╔══

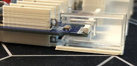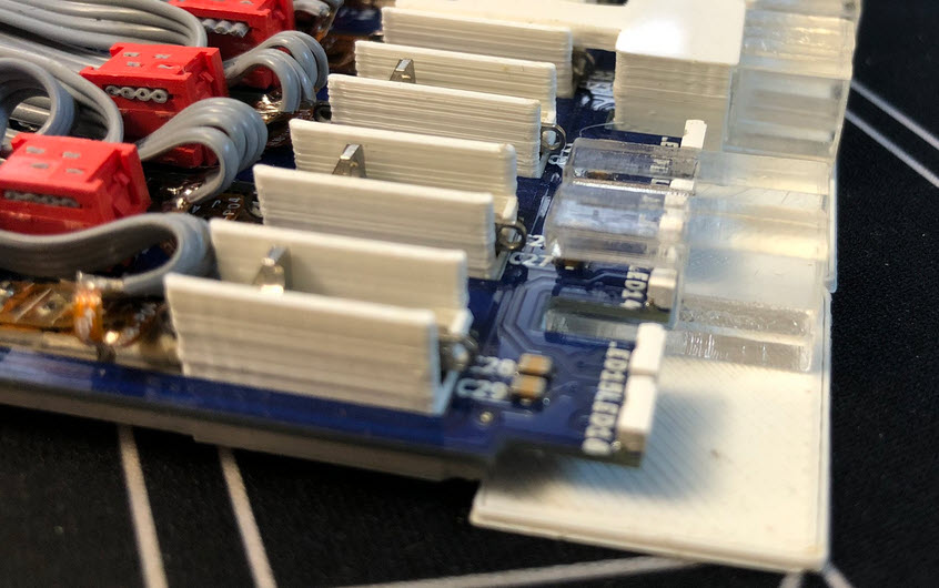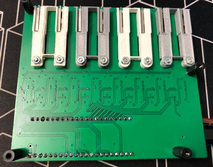 Below a view of the top PCB, with the 3D printed parts:
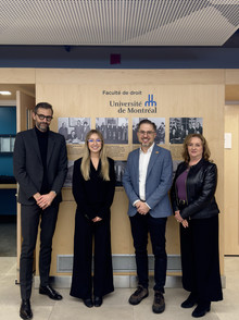 Me Bruno Larivière, président de la Chambre des notaires du Québec, Nathalie Bélanger, responsable du programme de maîtrise en droit notarial, ainsi que Jérémie Torres-Ceyte, vice-doyen aux études de premier cycle et titulaire de la Chaire du notariat, ont tenu à féliciter la récipiendaire et à souligner cette reconnaissance bien méritée pour son engagement et la qualité de son travail.
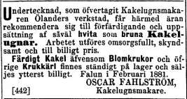 En annons i Fahlu Weckoblad nr 38 från år 1790 berättade om en kommande auktion hos kakelugnsmakare Lundgren:

╚══

What you will do — Line for line, restate the data above and omit every picture.

Result —
 Below a view of the top PCB, with the 3D printed parts:
 Me Bruno Larivière, président de la Chambre des notaires du Québec, Nathalie Bélanger, responsable du programme de maîtrise en droit notarial, ainsi que Jérémie Torres-Ceyte, vice-doyen aux études de premier cycle et titulaire de la Chaire du notariat, ont tenu à féliciter la récipiendaire et à souligner cette reconnaissance bien méritée pour son engagement et la qualité de son travail.
 En annons i Fahlu Weckoblad nr 38 från år 1790 berättade om en kommande auktion hos kakelugnsmakare Lundgren:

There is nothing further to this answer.